Hl. Augustinus: Von den Fällen, in denen wir Menschen töten dürfen, ohne uns des Mordes schuldig zu machen
Es gibt jedoch Ausnahmen von Gottes eigenem Gesetz, wonach niemand getötet werden darf. Diese Ausnahmen sind zweierlei Art: Sie beruhen entweder auf einem allgemeinen Gesetz oder auf einem besonderen, zeitlich befristeten Auftrag an eine bestimmte Person. Im letzteren Fall ist derjenige, dem die Autorität übertragen wurde und der lediglich das Schwert in der Hand dessen ist, der es führt, nicht selbst für den Tod verantwortlich, den er verursacht. Demnach haben diejenigen, die im Gehorsam gegenüber Gottes Gebot oder in Übereinstimmung mit seinen Gesetzen Krieg geführt haben, die öffentliche Gerechtigkeit oder die Weisheit der Regierung verkörpert und in dieser Funktion böse Menschen getötet; solche Personen haben keineswegs das Gebot „Du sollst nicht töten“ (2. Mose 20, 13) verletzt.
Abraham wurde nicht nur der Grausamkeit enthoben, sondern sogar für seine Frömmigkeit gepriesen, weil er bereit war, seinen Sohn im Gehorsam gegenüber Gott und nicht aus eigener Leidenschaft zu töten. Es stellt sich durchaus die Frage, ob Jephthas Tötung seiner Tochter als Befolgung eines göttlichen Gebots anzusehen ist, da sie ihm begegnete, nachdem er geschworen hatte, Gott alles zu opfern, was ihm als erstes auf seiner siegreichen Heimkehr begegnete. Auch Simson, der das Haus über sich und seine Feinde zum Einsturz brachte, wird allein dadurch gerechtfertigt, dass der Geist, der durch ihn Wunder wirkte, ihm im Geheimen die Anweisung dazu gegeben hatte.

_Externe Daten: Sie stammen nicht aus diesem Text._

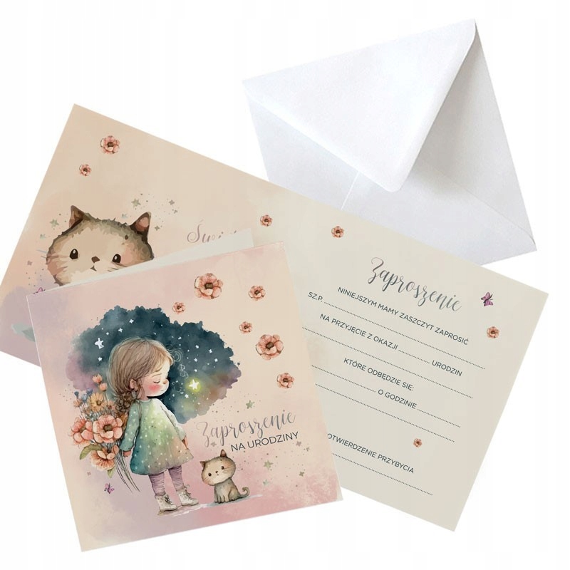 Приглашения на день рождения украшены чудесным изображением девочки с котенком. Это отличная, оригинальная идея, которая позволит вам пригласить маленьких гостей. Приглашения продаются упаковками по 10 штук плюс 10 белых конвертов.

Mit Ausnahme dieser beiden Fallgruppen, die entweder durch ein allgemein geltendes, gerechtes Gesetz oder durch eine besondere Eingebung Gottes selbst, der Quelle aller Gerechtigkeit, gerechtfertigt sind, ist jeder, der einen Menschen tötet, sei es sich selbst oder einen anderen, des Mordes schuldig. (Augustinus von Hippo, De civitate Dei, Buch I, Kapitel 21)
Es bleibt abzuwarten, ob Prevost, wie Bergoglio, nicht nur die Todesstrafe, sondern auch lebenslange Haft ablehnt. Konzilspapst Bergoglio bezeichnete lebenslange Haftstrafen als „versteckte Todesstrafe“.